-- Given records follows --
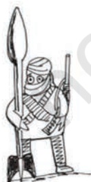
Errorists Loose cannonballs

Toppleton defends freedom and democracy. That's why he is so generous with guns and missiles. Like the ones he gave us to fight the invading Ruffians. He even trained us. We did not realise that it was the oil they were after. Bigoil is always trying to woo us. But we are too busy playing war games. Now we have rules of our own.
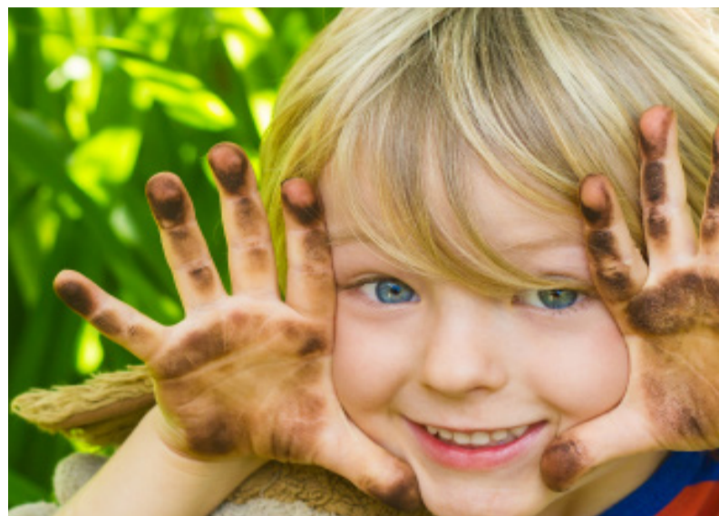
Messy play sessions with mud, water and sand are a fun way for children to develop their fine motor skills

Our Adventurers programme starts as soon as your child can walk and usually finishes by the time they're two years old - though children can move to
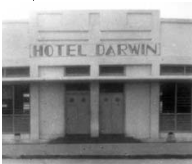
Exterior view of Hotel Darwin, 1951

What was commonly called on invitations, if they were sent out, at the bottom 'Darwin Rig'. Now Darwin Rig in those days - they dressed better in those days than they nearly do today. Although the ladies always dressed very nicely. They were always - either sent south or went to Helena's or a couple of the frock shops there and got a nice dress - ballerina or [whatever] it was in the day. But the men wore Darwin Rig, which was white pants, black shoes, white shirt and a maroon tie. Now it either had to be a straight maroon tie or a bow tie. Now that was Darwin Rig and that was quite nice in the tropics.
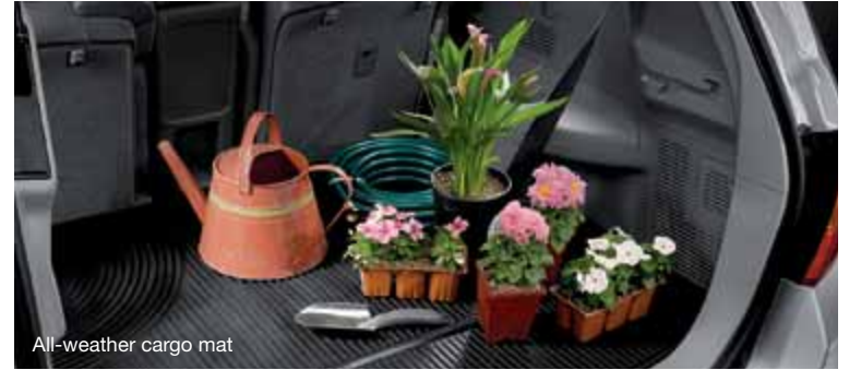
All-weather cargo mat
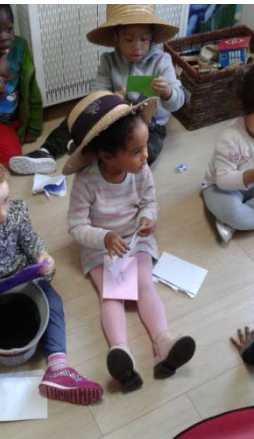
Look! Invitations have arrived!
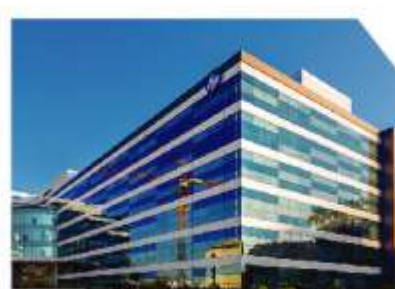
Kalyani Park Bengaluru
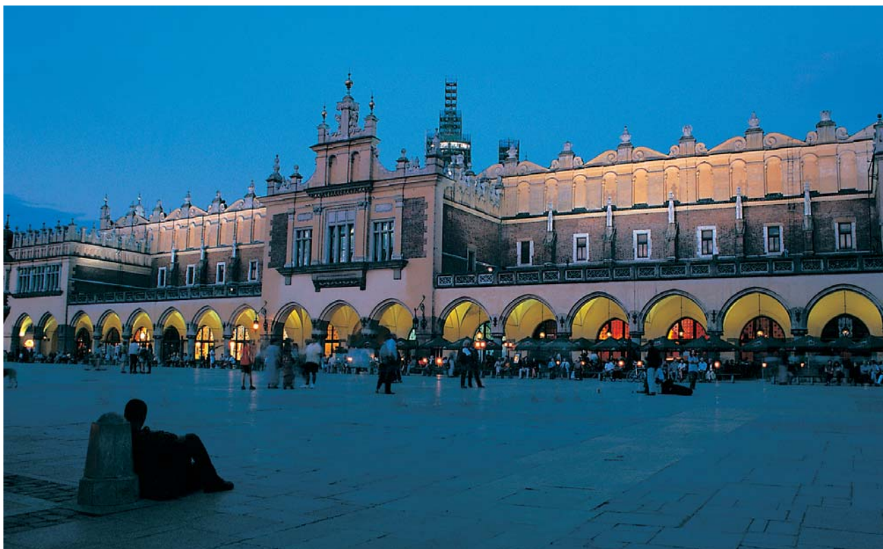
Fig. 4. Sukiennice (Cloth Hall) at the Main Square in Cracow, was once a major centre of international trade. It was built at the end of the 14th century and then rebuilt in the 15th century in the manneristic style. In the 19th century the Sukiennice were converted into a representative building, adding the neo-Gothic arcades. At present, the Sukiennice house collections of the National Museum, as well as coffee and souvenir shops

Two lines of market stalls dated to the 13th century are incorporated into the Renaissance Sukiennice building (the Cloth Hall) (Fig. 4). From the Main Square we go to Wawel via the Royal Route, passing by precious churches and tenement houses.
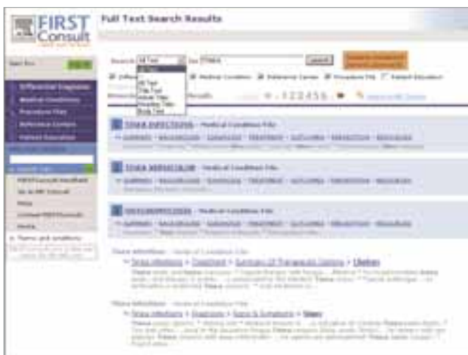
FIGURE 2 Typical FIRSTConsult search screen

A global search for “tinea” produces 529 retrievals (covered by drop-down list). Users modify searches using check boxes across the top or with the drop-down list. Major monograph retrievals are highlighted and users can click directly through to a section of interest (eg, Summary or Treatment).
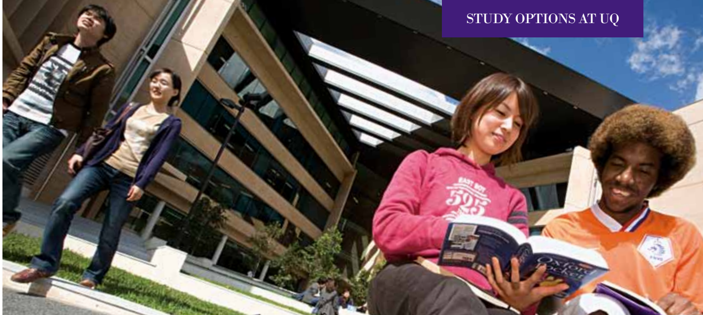
Students outside the new state-of-the-art Sir Llew Edwards Building – UQ St Lucia
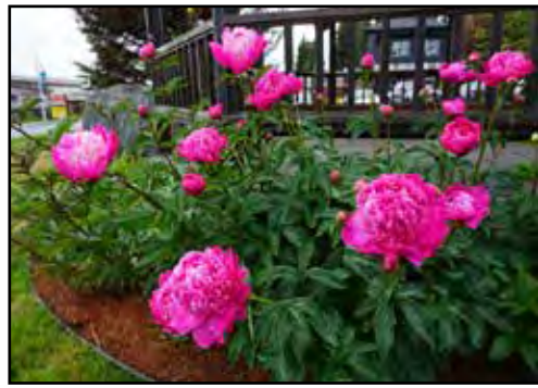
"Peonies on Pioneer" --in gardens and murals-- are a visual treat when exploring Homer's Pioneer Avenue business and shopping district.

Vibrant Arts Scene - With so many arts events to attend and participate in, Homer residents have to plan ahead to make time to stay home! Local galleries present monthly First Friday art exhibits, and two arts centers promote visual, literary and performing arts through a variety of workshops and programs. Throughout the year, bands can be heard most weekends at Homer's venues -- both local and world renowned--as Homer is a regular stop on Alaska's concert circuit, and also hosts the World Arts Festival annually each fall. Pier One Theatre comes alive in the summer with plays, from side-splitting comedies to thought-provoking dramas to musicals, all top-notch productions performed by local actors and actresses that often sell out the house.
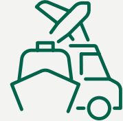
Transport and Distribution
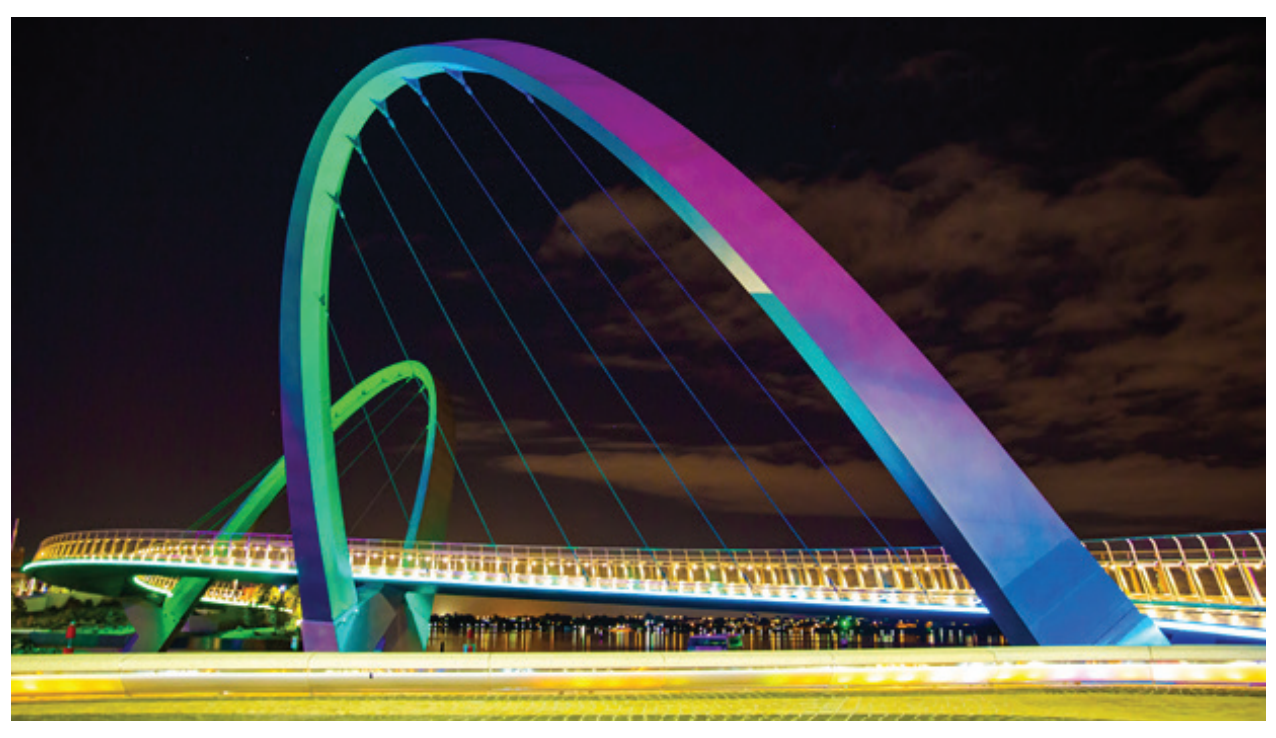
Figure 1: Elizabeth Quay Bridge, Perth. Designed by Arup Associates.
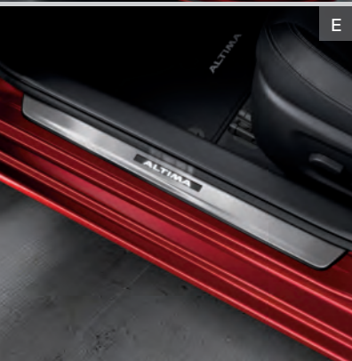
E. Illuminated Kick Plates Fewer scuffs and a grand entry, every time.
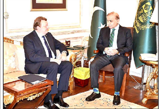
LAHORE: Foreign Minister of Belarus Sergei Aleinik calls on the Prime Minister Muhammad Shehbaz Sharif.

Condemning the May 9 riots, he said that no leniency would be shown against the miscreants and all the lawbreakers would be taken to task as per the law and the Constitution.
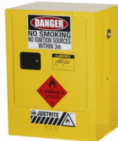
Compac Storage CAT NO: AU25714 2 shelves / Capacity 30 Litre
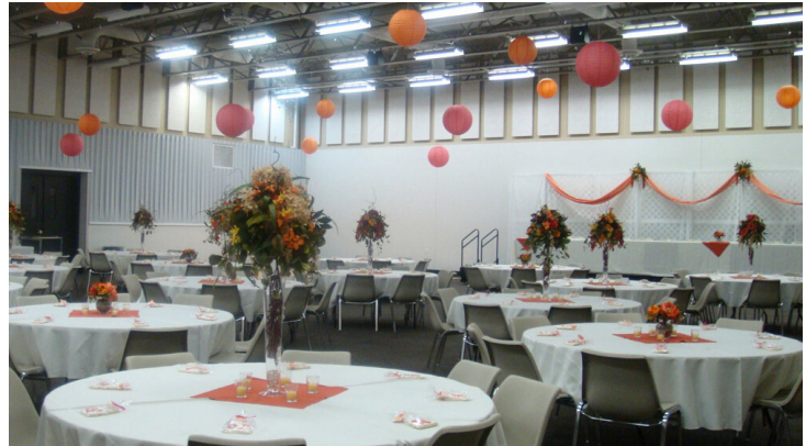
Civic Center Banquet Room

The following facility rates took effect for any date on or after January 1, 2020:
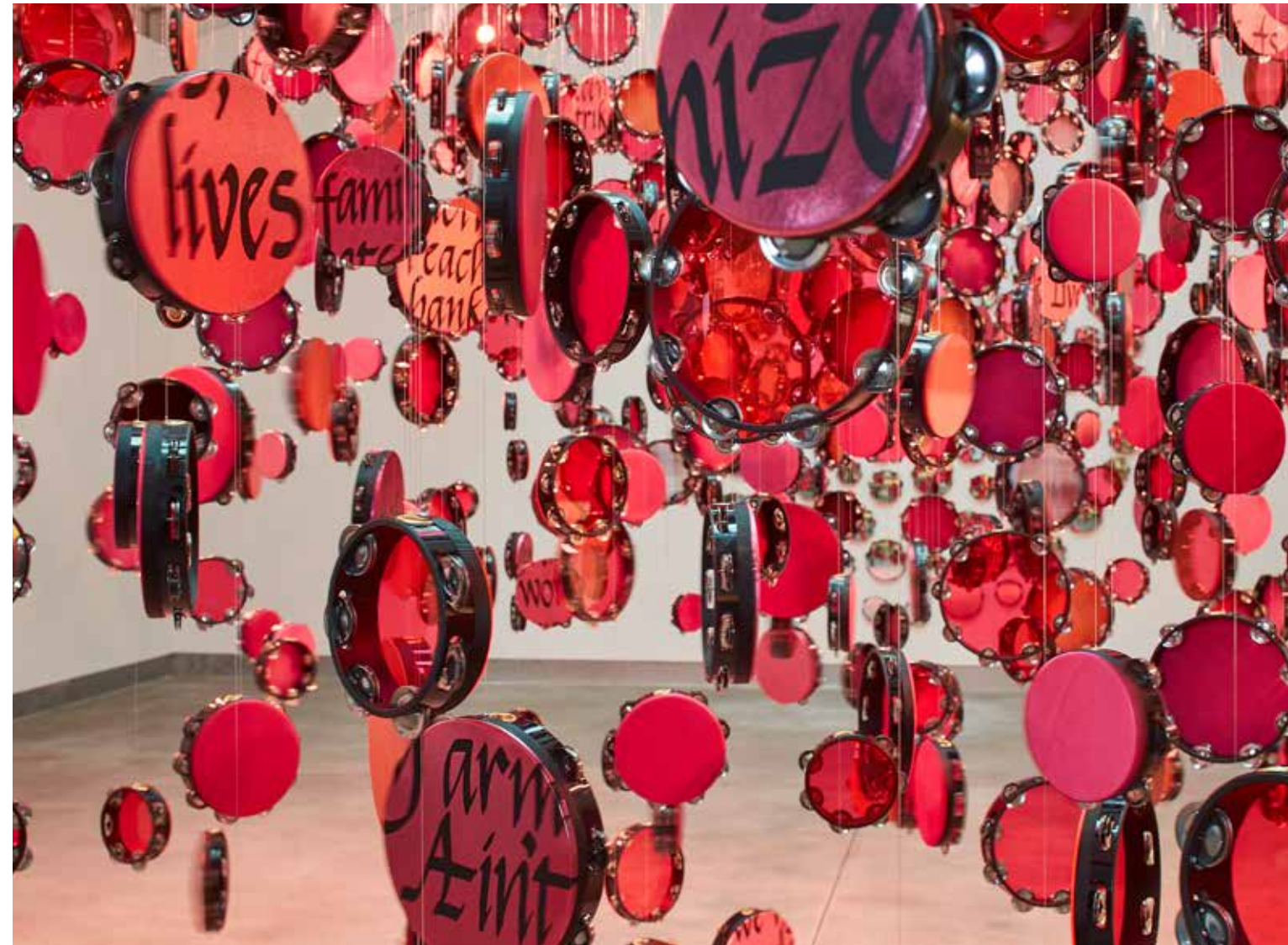
Lava Thomas, “Resistance Reverb: Movements 1 & 2”

For this collection, Eggert’s “All That is Possible is Real” neon sign flashes
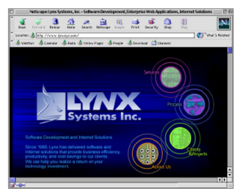
Committed to the Linux platform, AIRS sought a Web integrator that could re-architect SearchStation in re-usable, object-oriented Java technology; the company chose IBM Business Partner Lynx Systems.

The re-architected SearchStation is about to go into production, along with customized versions that AIRS is developing for OEM business partners serving Fortune 500 firms. Since AIRS' new partners reach thousands of recruiters in top-tier companies, the OEM version of SearchStation. which AIRS will sell from its own Web site, will expand its market by at least a factor of ten. Using EJBs, which isolate the business logic into granular, reusable components, AIRS and Lynx are able to specify search targets with greater exactitude and keep them up to date as sources change and move around on the Internet. The faster, more accurate search tool will save users up to 50 percent in search time. As a result, AIRS expects sales growth to soar from 50 percent to 100 percent in the first year.
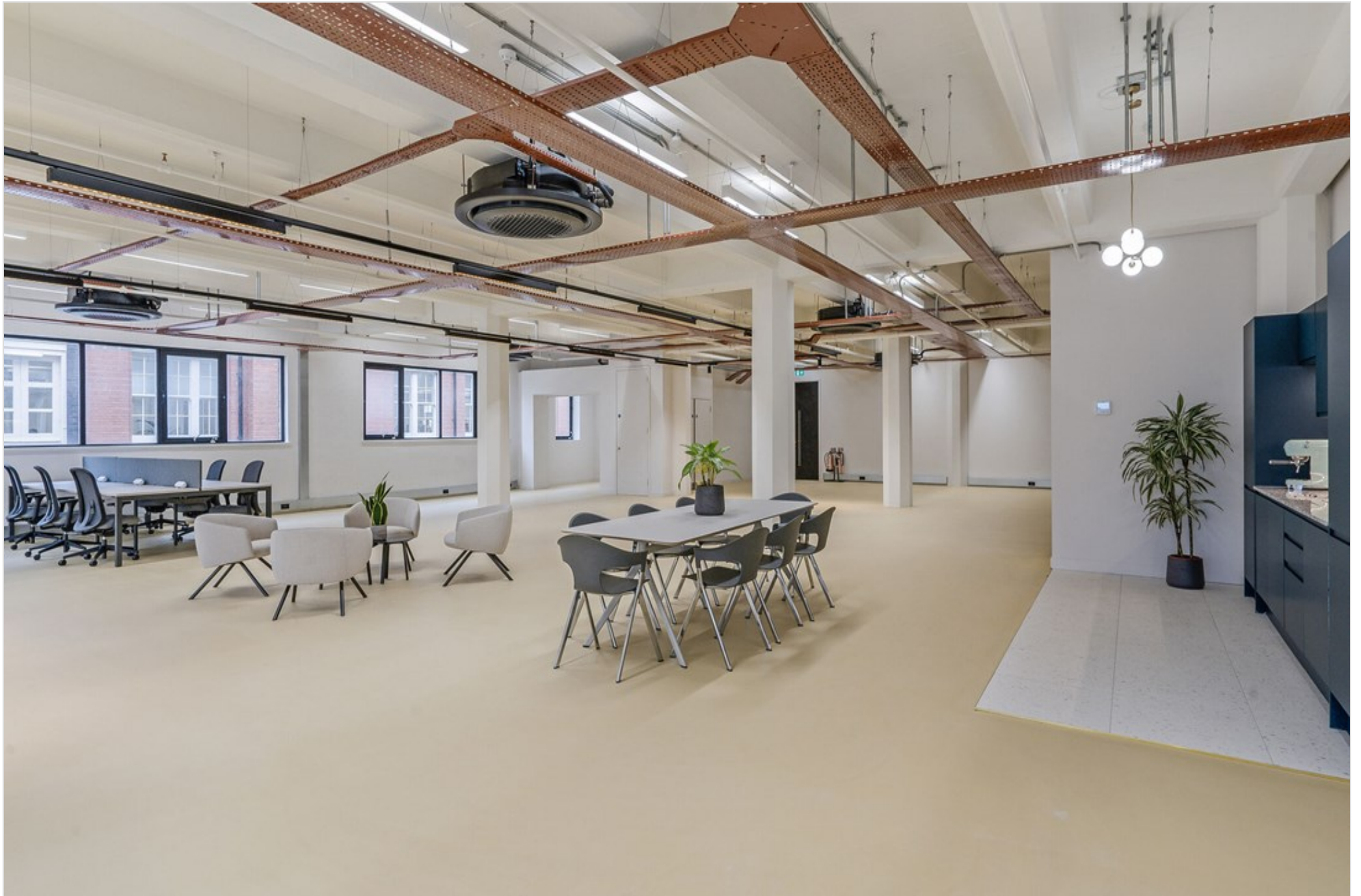
Harling House, 47-51 Great Suffolk Street, London, SE1 0BS
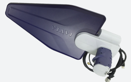
AntennaAdvisor with broadband log periodic antenna
-- Given records concluded --
Print exactly the lines above that run from the one with "Look! Invitations have arrived!" to the one with "Fig. 4. Sukiennice", both included. No pictures.

Look! Invitations have arrived!
Kalyani Park Bengaluru
Fig. 4. Sukiennice (Cloth Hall) at the Main Square in Cracow, was once a major centre of international trade. It was built at the end of the 14th century and then rebuilt in the 15th century in the manneristic style. In the 19th century the Sukiennice were converted into a representative building, adding the neo-Gothic arcades. At present, the Sukiennice house collections of the National Museum, as well as coffee and souvenir shops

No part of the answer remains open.